Bilim insanları ilaçların vücudu nasıl etkilediğini anlamak için sıklıkla farelerde veya küçük hayvanlarda ilacın yaptığı etkiye bakıyor ve çıkan sonuçlardan faydalanarak insanlar üzerindeki etkiyle bağlantı kurmayı deniyorlar. Fakat fareler insan değil ve bambaşka vücut fonksiyonlarına sahipler. Bu nedenle son birkaç yıldır araştırmacılar daha iyi bir yaklaşım üzerinde çalışıyorlar: Petri kabında çoğaltılan ve kapta çoğalmaya devam eden fakat gerçek organlar gibi fonksiyon gösteren ufak organlar (organoidler).
Cincinnati Çocuk Hastanesi araştırmacıları bu hafta insan midesinin bir bölümüyle yaptıkları çalışmalarında sindirim enzimi ve asit üretimi yapma yeteneğini tamamladığını duyurdu. Petri kabındaki midenin işlerin gerçekten nasıl yürüdüğünü ve işler ters gittiğinde aslında neler olduğunu anlamaya yardım edebileceğini söylüyorlar.
İnsan midesi hepsi farklı fonksiyon gösteren birden çok bölüme sahip. Araştırmacılar petri kabında çoğaltma yapmak için asit ve sindirim enzimi üretiminin yanında az da olsa yediklerimizi mekanik sindirime uğratma görevini yerine getiren fundus adı verilen bölümü seçtiler. Fakat midenin bu hayati bölümü aynı zamanda hastalıklara (özellikle bazı hastalıklara) karşı zayıf. Fazla asit, asitlerin geriye kaçışına veya H. Pylori bakterisi enfeksiyonu ülserlere ve iltihaplanmaya yol açıyor. Bilim insanları bu hastalıkların mide dokusunda nasıl gelişim gösterdiği üzerinde çalışmanın tedavi etme sürecini geliştirebilmek adına iyi olacağını umuyor.
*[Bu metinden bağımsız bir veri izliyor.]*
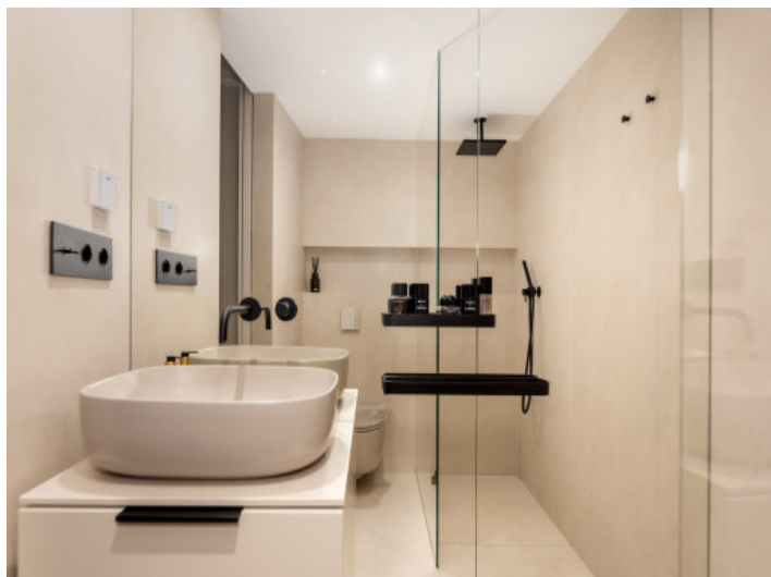
Modern bathroom with walk in shower

Çalışmanın başyazarı James Wells “Hastalığın ilerleyişi mikroskopta incelenerek ortaya çıkarılabilir.” diyor. Fakat aynı zamanda midenin kendi kendini nasıl onardığını da görebilirsiniz. Fazla asit midede biriktiğinde sıklıkla midenin derinliklerine kadar her yer iltihaplanıyor. Bazı ilaçlar (Prilosec gibi) üretilen asit miktarını azaltarak hastalığı tedavi ediyor. Wells’in söylediğine göre bu iyileşme sürecini ve neye katkı yaptığını görmek araştırmacılara yeni ve potansiyel olarak daha iyi bir iyileşme yöntemini bulma fırsatını verdiği gibi bağırsak mikrobiyomunun daha iyi anlaşılmasını da sağladı. Çalışmaları ise bu hafta Nature’da yayılamdı.
Araştırmacıların bu bulgusu, midenin başka bir bölümü olan, iştah açıcı ve hayati göreve sahip hormon salınımını sağlayan kemikiçi oyuğu üzerinde yapılan çalışmadan iki yıl sonra bulundu. Her iki mini organ da her hücreye dönüşebilme ve kopyalanma yeteneğine sahip kök hücrelerden üretildi.
Birçok bilim insanının nihai hedefi sahada kullanılabilen kredi kartı boyutunda olan, insan vücudunda bulunan her organın organoidini içeren bir “çipte insan” üretmek. Bu çipin yeni ve eski ilaçların bütün vücuda nasıl etki ettiğini, ilaçların potansiyel olarak gösterdiği (ateş gibi) yan etkileri ve hedeflenen tedavilerde yol göstermesi bekleniyor.
Bir gün aynı işlemin insanlara nakledilen misafir organların da büyümesinde işe yarayacağı düşünülüyor. “Gelecek olası adım, nakil tedavilerinde kullanılan dokuların daha işlevsel kullanılabilecek olması.” diyor Wells. Bu fikir kayıp organ bölümlerinin ince bağırsak, pankreas veya kalbin herhangi bir parçasının geri konmasında da yardımcı olabilir. Fakat bu işlem en az birkaç yıl sonrasında yapılabilir. Şimdilik, bu organoidler bilim insanlarına bağırsaklarımızın gizemini az da olsa azaltarak yardım ediyor.